Event. GVK subsidiary, Bangalore Airport & Infrastructure
Developers Pvt. Ltd. (BAIDPL – holding company of BIAL) is to
exercise its Right of First Refusal (RoFR) to acquire additional
14% equity stake in BIAL for US$135m from Siemens Project
Ventures, subject to regulatory approvals. Management intends to
buy-out the remaining 26% equity stake from Siemens as and
when it is due for sale.
Deal implications. Assuming 100% debt funding of ~`6bn and
43% share of BIAL profits, interest costs would more than offset
gains from higher share of profits. This deal value is 8.5% higher
than the earlier L&T deal value (`6.9bn-17% equity). Media reports
suggest that Changi and Tatas were keen to invest in BIAL, and a
buy-out by GVK at higher valuations was thus imperative.

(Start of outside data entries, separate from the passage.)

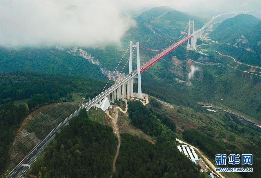 貴陽至甕安高速公路上的清水河大橋(8月27日無人機拍攝)。該橋主跨1130米,是世界上最大單跨板桁結合加勁梁懸索橋。新華社記者劉續(xù)攝
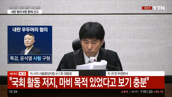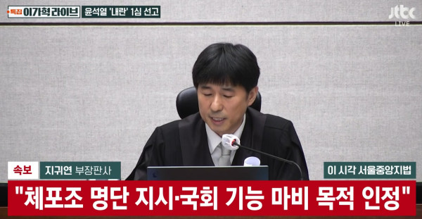 속보) 지귀연 "윤 비상계엄, 국회 막을려고 선포"
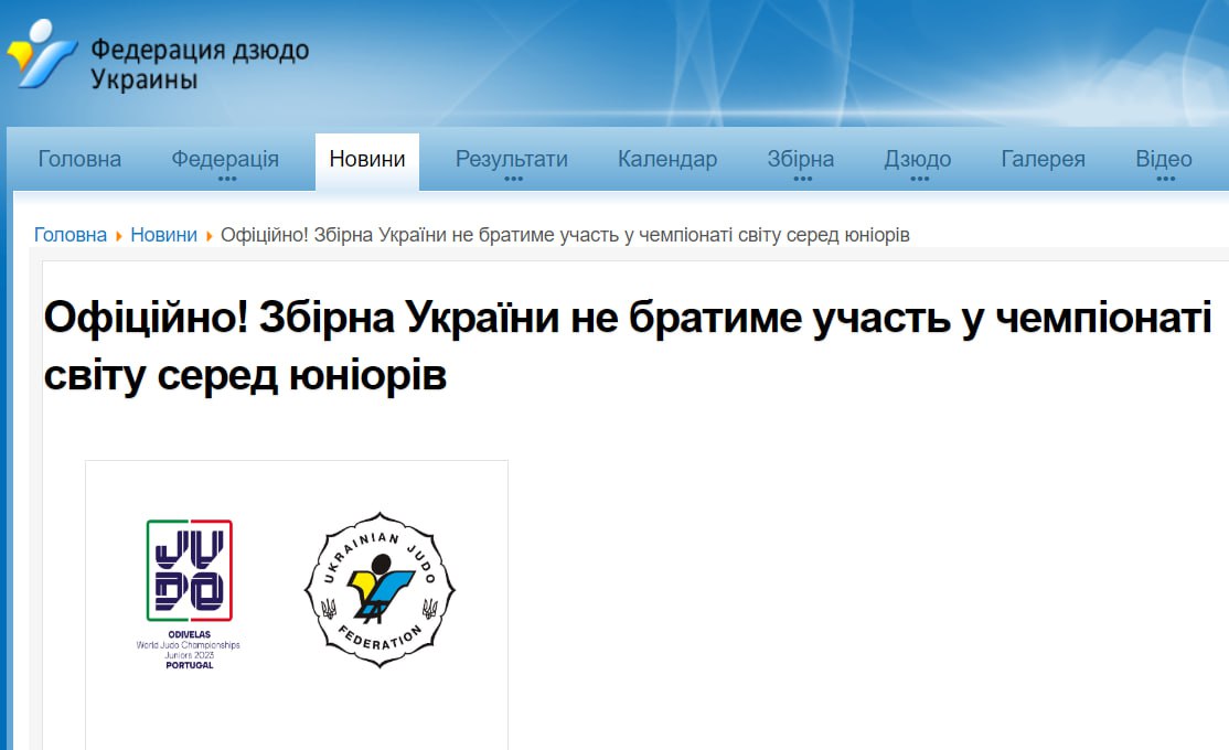 Про це заявила Федерація дзюдо України на своєму сайті.

Revised equity holding. Upon the share transfer, GVK would
hold 43% in BIAL (associate) and Siemens would hold 26%.
Valuation. The deal would be neutral to our GVK SOTP value of
`39 after adjusting for further BIAL stake and acquisition debt.
Higher share in BIAL real estate proceeds could be SOTP positive.
However, interest payments could dilute consolidated earnings.